Bombay High Court refused to hear a petition against the decision 16 per cent reservation to Marathas.
Mumbai:
The Bombay High Court on Wednesday refused to hear a petition against the decision of the Maharashtra government to provide 16 per cent reservation to the Maratha community in jobs and educational institutions.
"Not before me," said Justice VM Kanade sitting in a division bench with Justice Swapna Joshi when the PIL, filed by the activist Ketan Tirodkar, and an application filed by Vinod Patil seeking expeditious hearing, came up.
Justice Kanade did not give any reason for recusing himself.
In December 2014, the High Court had stayed the decision to grant reservation in response to PILs filed by Mr Tirodkar and others.
The stay is still in operation.
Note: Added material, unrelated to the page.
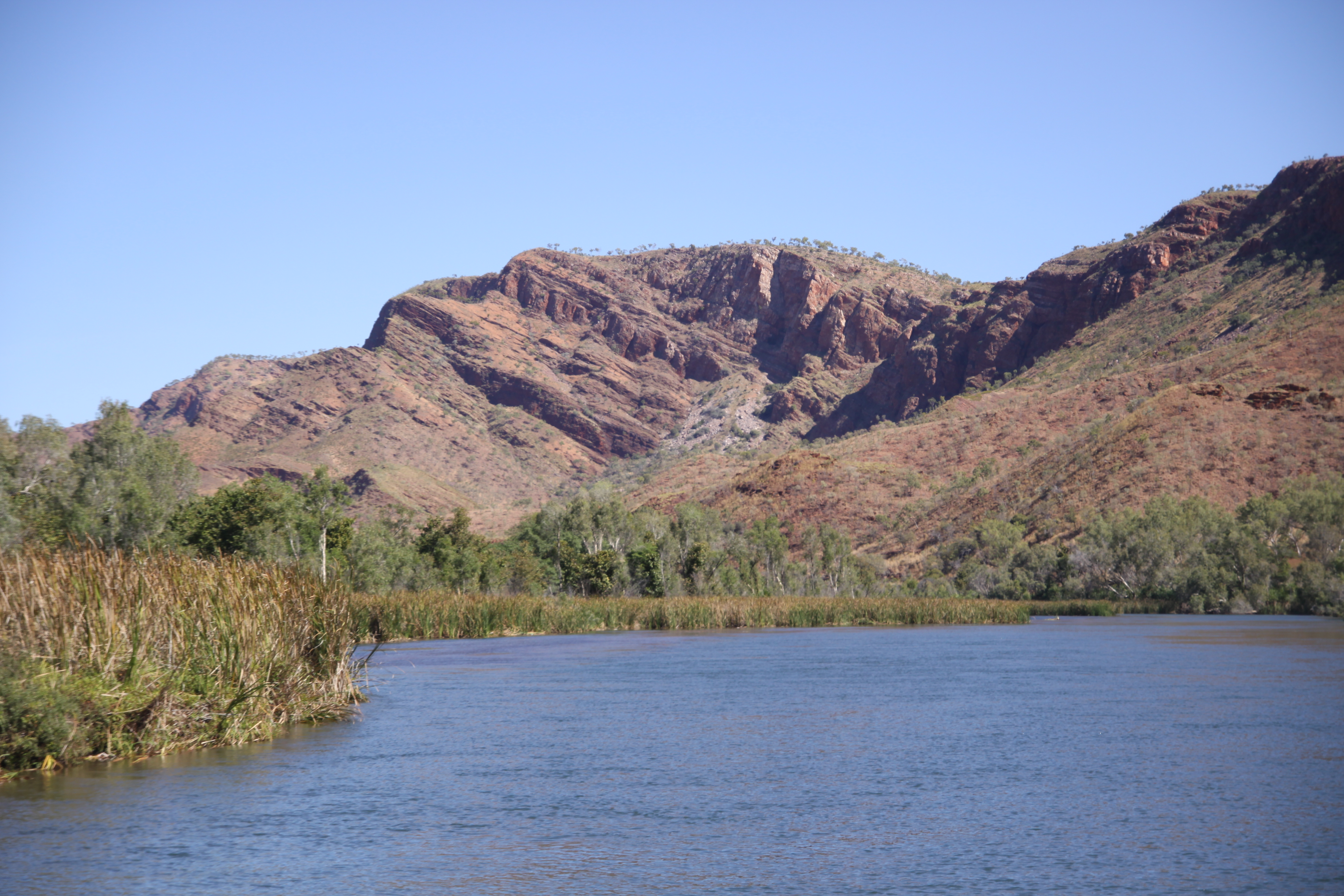 Leisurely Boat trip today up the Ord river, otherwise known as Lake Kununurra, to the Argyle Dam and back. At the start of our trip is the Ord Diversion Dam which keeps the stretch of river we are on at a relatively even height all year round. The trip is 55km in each direction. Lots of fresh water crocodiles but hard to see and photograph. As you get further upstream the rock canyons get more and more majestic and awesome. The bird life is prolific and we diverge up small creeks to observe many types of water birds and others.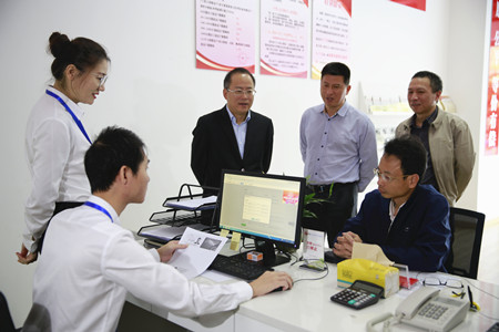 圖為市委常委、常務(wù)副市長(zhǎng)董貴波到臺(tái)州高速股權(quán)椒江收購點(diǎn)調(diào)研

Mr Tirodkar's plea contended that the decision to term the Maratha community as socially and educationally backward is a "fraud" committed upon the country and its Constitution.
The Congress-NCP government in 2014 had announced reservation for Marathas, a politically dominant community.
It had also provided five per cent reservations for Muslims. The plea has only challenged the reservation for Marathas.
75 per cent or more land in the state is owned by the Maratha community and between 1962 and 2004, over 1200 out of the over 2000 MLAs were Marathas, and more than 72 per cent of the cooperative institutions are controlled by the people belonging to the community, it said.